Tea is considered to be very important, so much so that it is considered just as important as the food itself. Teas served during dim sum include:

- Chrysanthemum tea: instead of tea leaves, it is a flower-based tisane (herbal tea) made from flowers of the species Chrysanthemum morifolium or Chrysanthemum indicum, which are the most popular in East Asia. To prepare the tea, chrysanthemum flowers (usually dried) are steeped in hot water (usually 90 to 95 °C after cooling from a boil) in a teapot, cup, or glass. A common mix with pu-erh is called guk pou (菊普 (jú pǔ)) from its component teas.
- Green tea: freshly picked leaves that go through heating and drying processes but not oxidation, so keep their original green color and chemical compounds, like polyphenols and chlorophyll. Produced all over China, and the most popular category of tea, green teas include the representative Dragon Well (龍井 (lóngjǐng)) and Biluochun from Zhejiang and Jiangsu provinces, respectively.
- Oolong tea: partially oxidizing the tea leaves imparts them with characteristics of both green and black teas. Oolong teas are closer in taste to green than black tea, yet have less of a "grassy" taste. Major oolong-tea producing areas such as Fujian, Guangdong, and Taiwan line the southeastern coast of China. Tieguanyin or Ti Kuan Yin (鐵觀音 (tiěguānyīn)): one of the most popular, originated in Fujian province, and is a premium variety with a delightful fragrance.
- Pounei (Cantonese) or pu-erh tea (Mandarin): usually a compressed tea, pu-erh has unique, earthy notes derived from years of fermentation.
- Scented teas: various mixes of flowers with green, black, or oolong teas exist. Flowers used include jasmine, gardenia, magnolia, grapefruit flower, sweet-scented osmanthus, and rose. Strict rules govern the proportion of flowers to tea. Jasmine tea, the most popular scented tea, is the one most often served at "yum cha" establishments.

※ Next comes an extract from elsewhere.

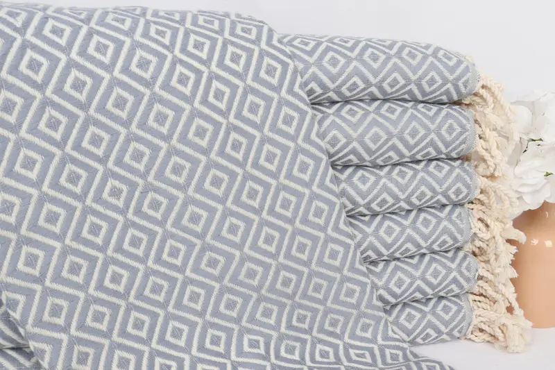 Toalla de playa turca personalizada con diseño de diamantes grises, 40 x 71 pulgadas
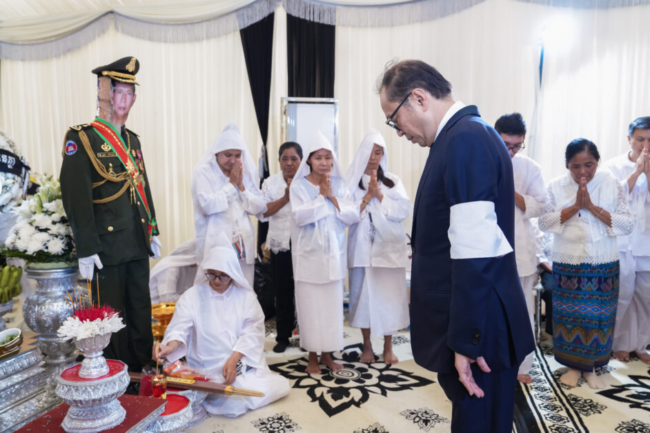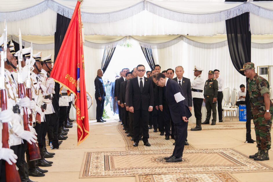 (ភ្នំពេញ)៖ នារសៀលថ្ងៃទី២៨ ខែកក្កដា ឆ្នាំ២០២៥ ឯកឧត្តម វង្សី វិស្សុត ឧបនាយករដ្ឋមន្រ្តីប្រចាំការ រដ្ឋមន្រ្តី​ទទួលបន្ទុកទីស្តីការគណៈរដ្ឋមន្រ្តី អមដំណើរដោយថ្នាក់ដឹកនាំនិងមន្ត្រីនៃទីស្តីការគណៈរដ្ឋមន្ត្រី បានអញ្ជើញគោរពវិញ្ញាណក្ខន្ធ ឯកឧត្តម ឧត្តមសេនីយ៍ឯក ដួង សំនៀង មេបញ្ជាការកងពលតូចអន្តរាគមន៍លេខ៧ ដែលបានពលីជីវិតជូនជាតិមាតុភូមិ ក្នុងសមរភូមិប្រយុទ្ធជាមួយសត្រូវឈ្លានពានទឹកដីក្នុងភូមិសាស្ត្រខេត្តព្រះវិហារ កាលពីថ្ងៃសៅរ៍ ១កើត ខែស្រាពណ៍ ឆ្នាំម្សាញ់ សប្តស័ក ព.ស.២៥៦៩ ត្រូវនឹងថ្ងៃទី២៦ ខែកក្កដា ឆ្នាំ២០២៥ ក្នុងជន្មាយុ៦៧ឆ្នាំ។

The tea service includes several customs. Typically, the server starts by asking diners which tea to serve. According to etiquette, the person closest to the teapot pours tea for the others. Sometimes, a younger person will serve an older person.

Those receiving tea express thanks by tapping their index and middle fingers twice on the table. According to one legend, the finger-tapping tradition evolved from an incident when an emperor poured tea for his servant in a public teahouse during a trip where the emperor concealed his identity to mingle with the commoners. Having been instructed by the emperor not to expose his identity to the public, the servant showed gratitude by improvising the finger-tapping gesture instead of what should have been a kowtow, which would have betrayed the emperor's noble status. The practice gradually evolved to represent gratitude for having tea poured by others.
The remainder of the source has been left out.